### Exercise details
Below are some records. Write out exactly their lines from the one with "7月25日—26日,第二届各" through the one with "Serata a cura", and leave the pictures behind.

*** Opening Supplied material ***

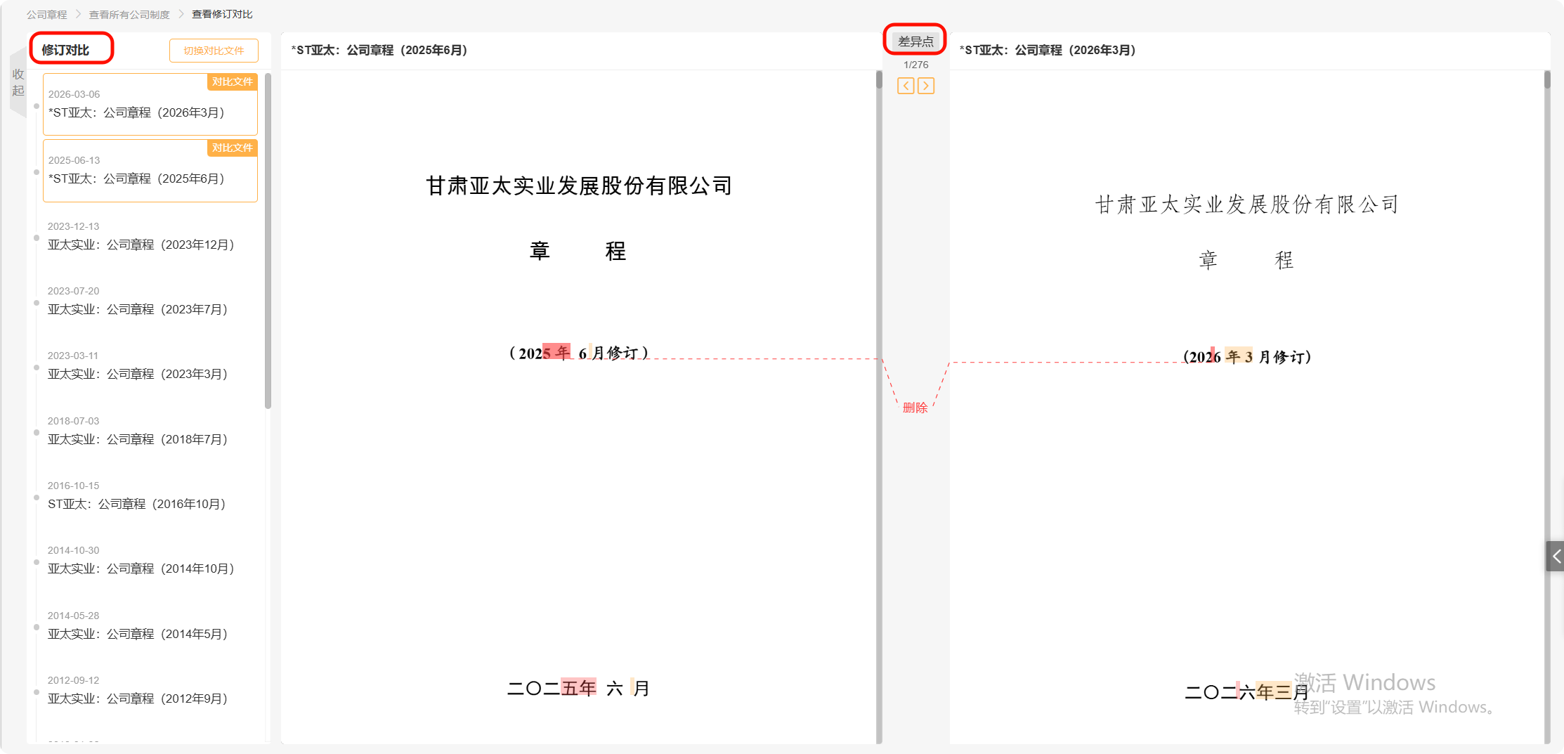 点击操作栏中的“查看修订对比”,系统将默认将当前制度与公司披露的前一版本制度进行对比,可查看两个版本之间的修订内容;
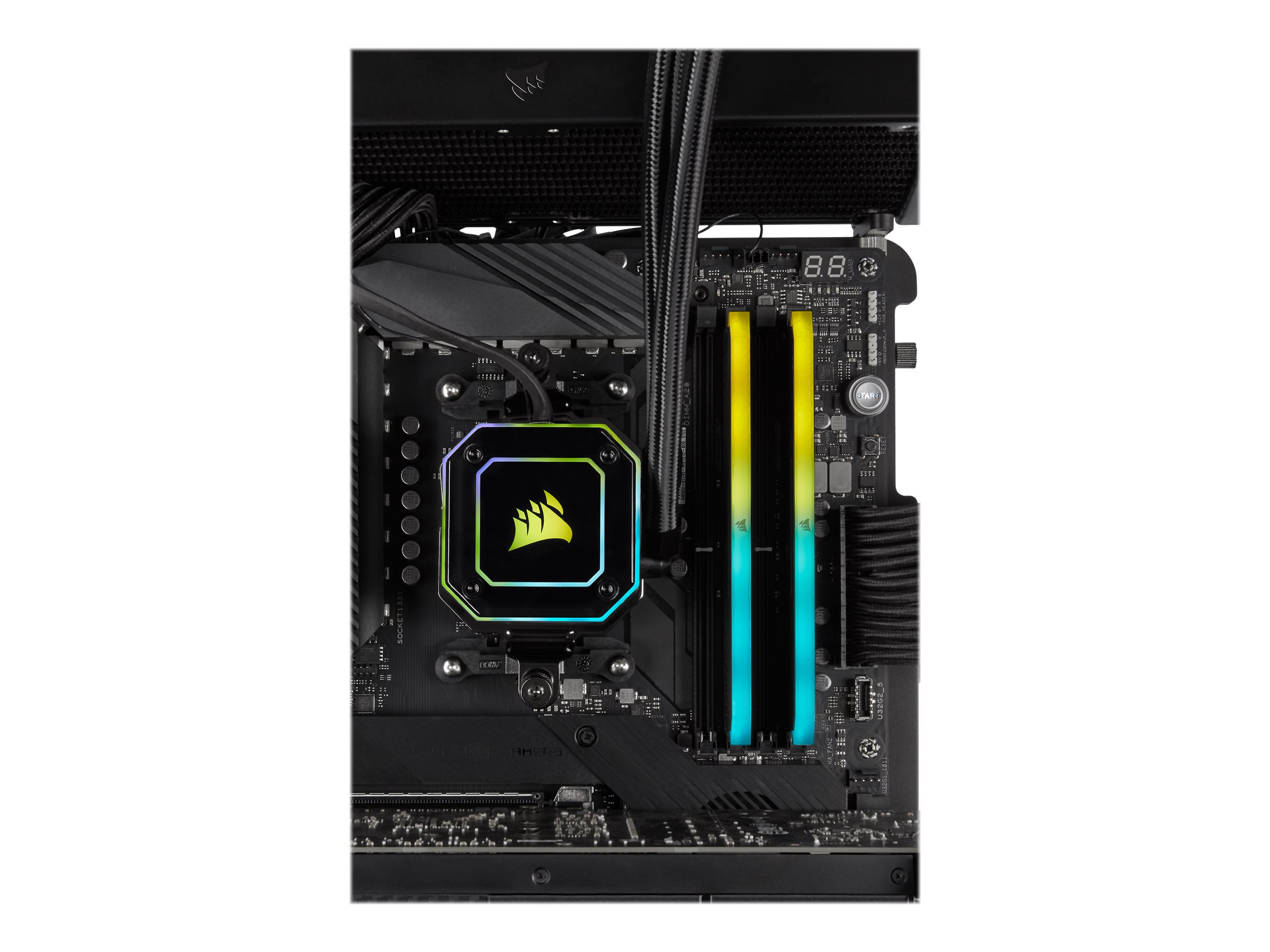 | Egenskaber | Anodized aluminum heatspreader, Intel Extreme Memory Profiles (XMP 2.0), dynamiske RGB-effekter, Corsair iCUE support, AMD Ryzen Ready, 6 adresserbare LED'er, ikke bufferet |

*** Closing Supplied material ***
*** Opening Supplied material ***

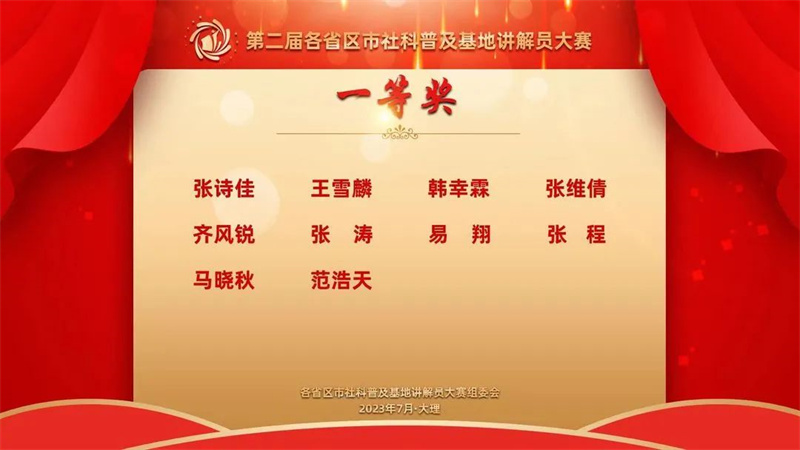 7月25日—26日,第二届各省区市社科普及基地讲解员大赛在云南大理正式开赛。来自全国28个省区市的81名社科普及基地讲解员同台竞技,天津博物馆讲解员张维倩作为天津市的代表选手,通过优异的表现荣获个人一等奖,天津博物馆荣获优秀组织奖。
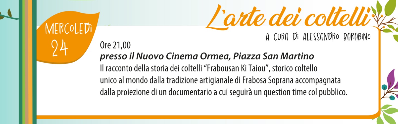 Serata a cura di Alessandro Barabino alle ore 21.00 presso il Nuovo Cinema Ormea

*** Closing Supplied material ***
*** Opening Supplied material ***

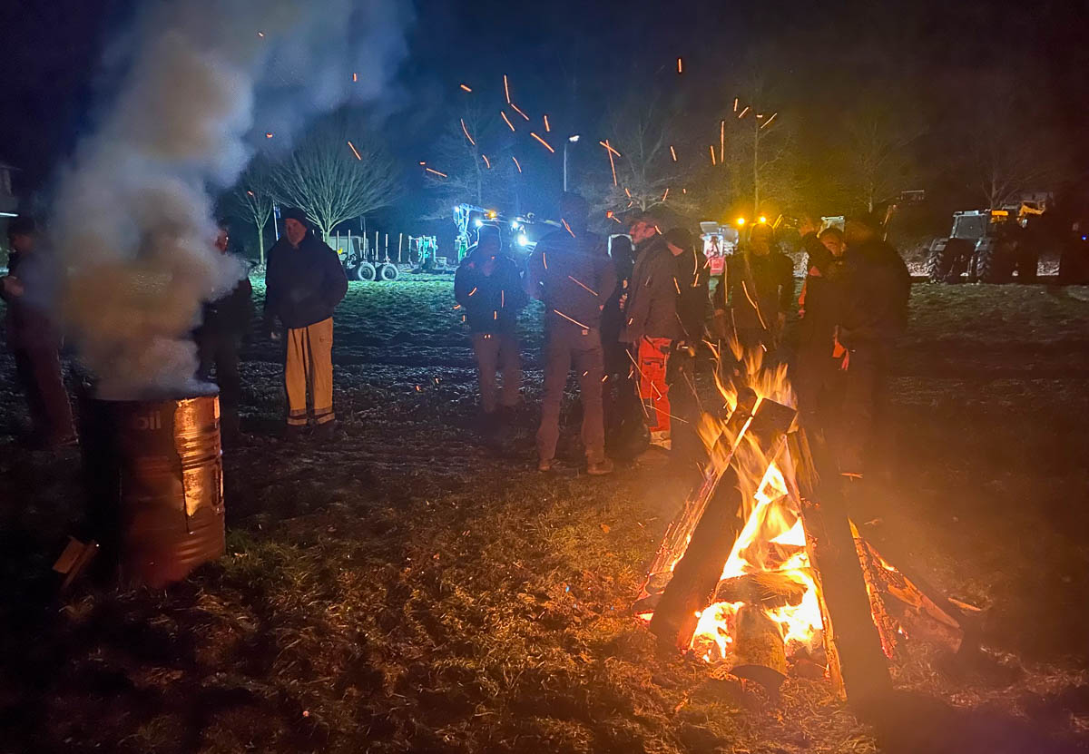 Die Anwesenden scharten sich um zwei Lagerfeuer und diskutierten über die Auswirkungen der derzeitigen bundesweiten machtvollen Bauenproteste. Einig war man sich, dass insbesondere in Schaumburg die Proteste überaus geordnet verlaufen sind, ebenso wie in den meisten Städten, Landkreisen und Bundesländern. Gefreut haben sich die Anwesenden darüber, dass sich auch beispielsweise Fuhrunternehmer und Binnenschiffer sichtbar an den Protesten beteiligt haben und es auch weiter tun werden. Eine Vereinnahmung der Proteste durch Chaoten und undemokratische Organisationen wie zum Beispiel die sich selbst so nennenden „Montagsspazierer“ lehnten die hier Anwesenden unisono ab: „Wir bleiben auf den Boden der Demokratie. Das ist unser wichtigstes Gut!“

*** Closing Supplied material ***

### Written solution
 7月25日—26日,第二届各省区市社科普及基地讲解员大赛在云南大理正式开赛。来自全国28个省区市的81名社科普及基地讲解员同台竞技,天津博物馆讲解员张维倩作为天津市的代表选手,通过优异的表现荣获个人一等奖,天津博物馆荣获优秀组织奖。
 Serata a cura di Alessandro Barabino alle ore 21.00 presso il Nuovo Cinema Ormea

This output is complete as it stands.